What is database partitioning and its types?
Answer
Database partitioning is a technique that divides large tables or indexes into smaller, more manageable pieces called partitions. Each partition can be stored separately and managed independently while appearing as a single logical table to applications.
Benefits of Partitioning
Performance Benefits
-- Query performance improvement through partition elimination
SELECT * FROM sales_partitioned
WHERE sale_date BETWEEN '2024-01-01' AND '2024-01-31';
-- Only January partition is scanned, not entire table
-- Parallel processing across partitions
SELECT region, SUM(sales_amount)
FROM sales_partitioned
GROUP BY region;
-- Each partition can be processed in parallel
Management Benefits
-- Partition-level maintenance operations
-- Drop old data quickly
ALTER TABLE sales_partitioned DROP PARTITION p_2020;
-- Backup specific partitions
BACKUP TABLE sales_partitioned PARTITION (p_2024_q1);
-- Index maintenance per partition
ALTER INDEX IX_sales_region ON sales_partitioned
REBUILD PARTITION = p_2024_q1;
Types of Partitioning
1. Range Partitioning
Partitions data based on value ranges.
-- PostgreSQL range partitioning by date
CREATE TABLE sales (
sale_id SERIAL,
sale_date DATE,
customer_id INT,
amount DECIMAL(10,2)
) PARTITION BY RANGE (sale_date);
-- Create partitions for each quarter
CREATE TABLE sales_2024_q1 PARTITION OF sales
FOR VALUES FROM ('2024-01-01') TO ('2024-04-01');
CREATE TABLE sales_2024_q2 PARTITION OF sales
FOR VALUES FROM ('2024-04-01') TO ('2024-07-01');
CREATE TABLE sales_2024_q3 PARTITION OF sales
FOR VALUES FROM ('2024-07-01') TO ('2024-10-01');
CREATE TABLE sales_2024_q4 PARTITION OF sales
FOR VALUES FROM ('2024-10-01') TO ('2025-01-01');
-- SQL Server range partitioning
CREATE PARTITION FUNCTION pf_sales_date (DATE)
AS RANGE RIGHT FOR VALUES
('2024-01-01', '2024-04-01', '2024-07-01', '2024-10-01');
CREATE PARTITION SCHEME ps_sales_date
AS PARTITION pf_sales_date
TO (fg_2023, fg_2024_q1, fg_2024_q2, fg_2024_q3, fg_2024_q4);
CREATE TABLE sales (
sale_id INT IDENTITY(1,1),
sale_date DATE,
customer_id INT,
amount DECIMAL(10,2)
) ON ps_sales_date(sale_date);
2. Hash Partitioning
Distributes data evenly across partitions using a hash function.
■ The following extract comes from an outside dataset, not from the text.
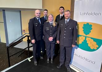 Stellvertretend für alle in der Gemeinde Lohfelden ehrenamtlich Tätigen dankte der Bürgermeister der Freiwilligen Feuerwehr Lohfelden, die die Silvesternacht im Feuerwehrhaus verbracht hatte, um sofort einsatzbereit zu sein, hier v.l.n.r. Stv. Gemeindebrandinspektor Kevin Jonson, Stv. Gemeindejugendwart David Brunkow, Gemeindejugendwartin Leonie Schweinsberg, Stv. Kinderjugendwart Pascal Frommann und Gemeindebrandinspektor Markus Orth.
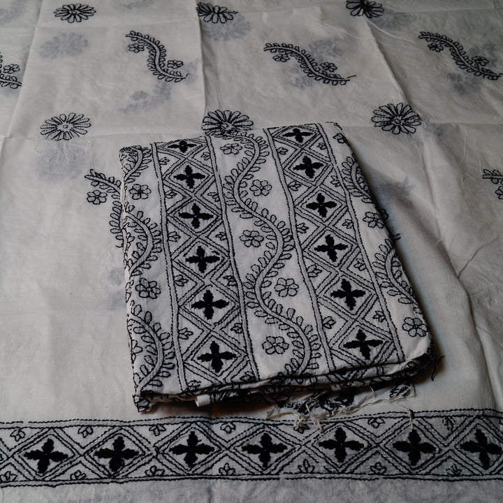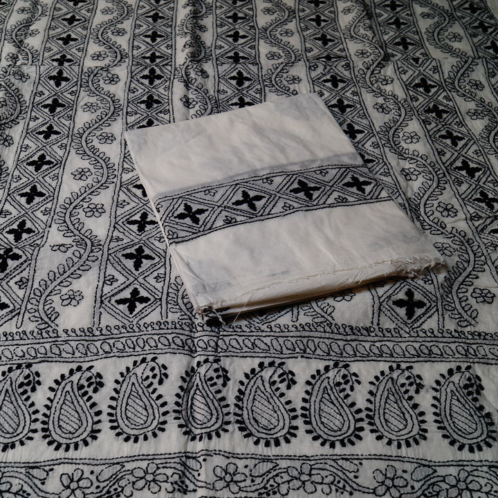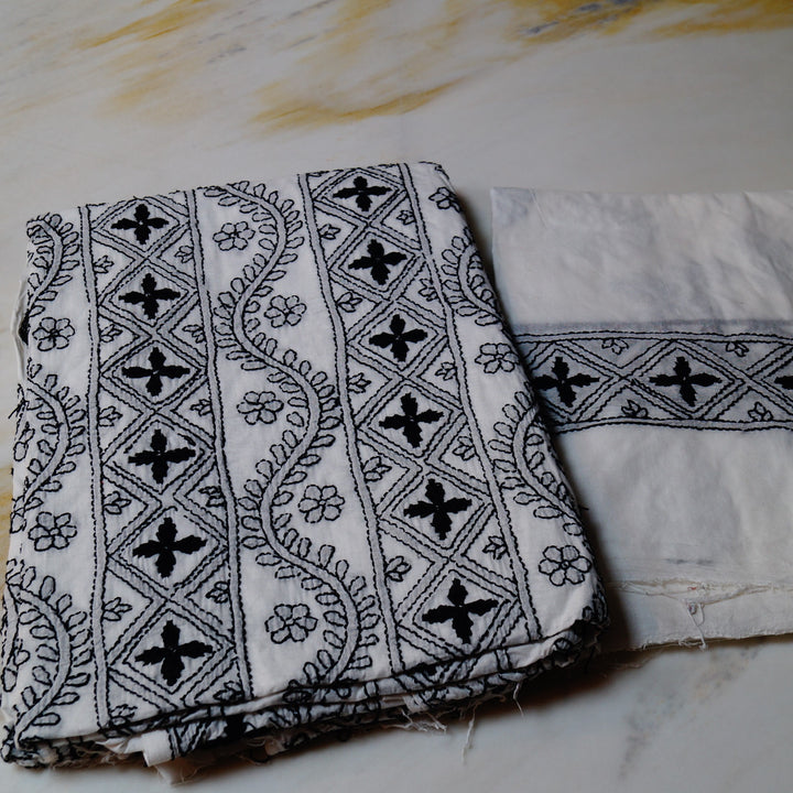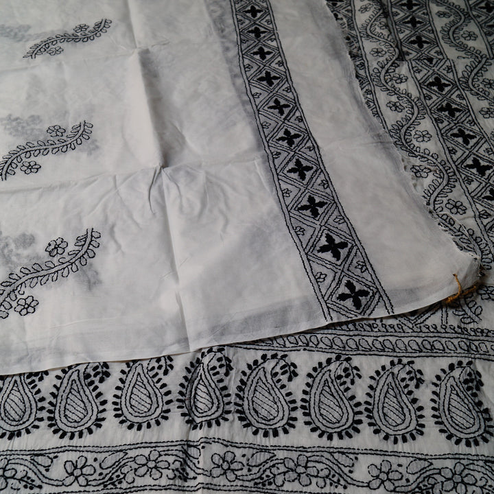 Black on White - Chikankari - Kurta (with border) & Dupatta

-- PostgreSQL hash partitioning
CREATE TABLE customers (
customer_id SERIAL,
customer_name VARCHAR(100),
email VARCHAR(100),
registration_date DATE
) PARTITION BY HASH (customer_id);
-- Create hash partitions
CREATE TABLE customers_p0 PARTITION OF customers
FOR VALUES WITH (MODULUS 4, REMAINDER 0);
CREATE TABLE customers_p1 PARTITION OF customers
FOR VALUES WITH (MODULUS 4, REMAINDER 1);
CREATE TABLE customers_p2 PARTITION OF customers
FOR VALUES WITH (MODULUS 4, REMAINDER 2);
CREATE TABLE customers_p3 PARTITION OF customers
FOR VALUES WITH (MODULUS 4, REMAINDER 3);
-- MySQL hash partitioning
CREATE TABLE customers (
customer_id INT AUTO_INCREMENT,
customer_name VARCHAR(100),
email VARCHAR(100),
registration_date DATE,
PRIMARY KEY (customer_id)
)
PARTITION BY HASH(customer_id)
PARTITIONS 4;
3. List Partitioning
Partitions data based on explicit lists of values.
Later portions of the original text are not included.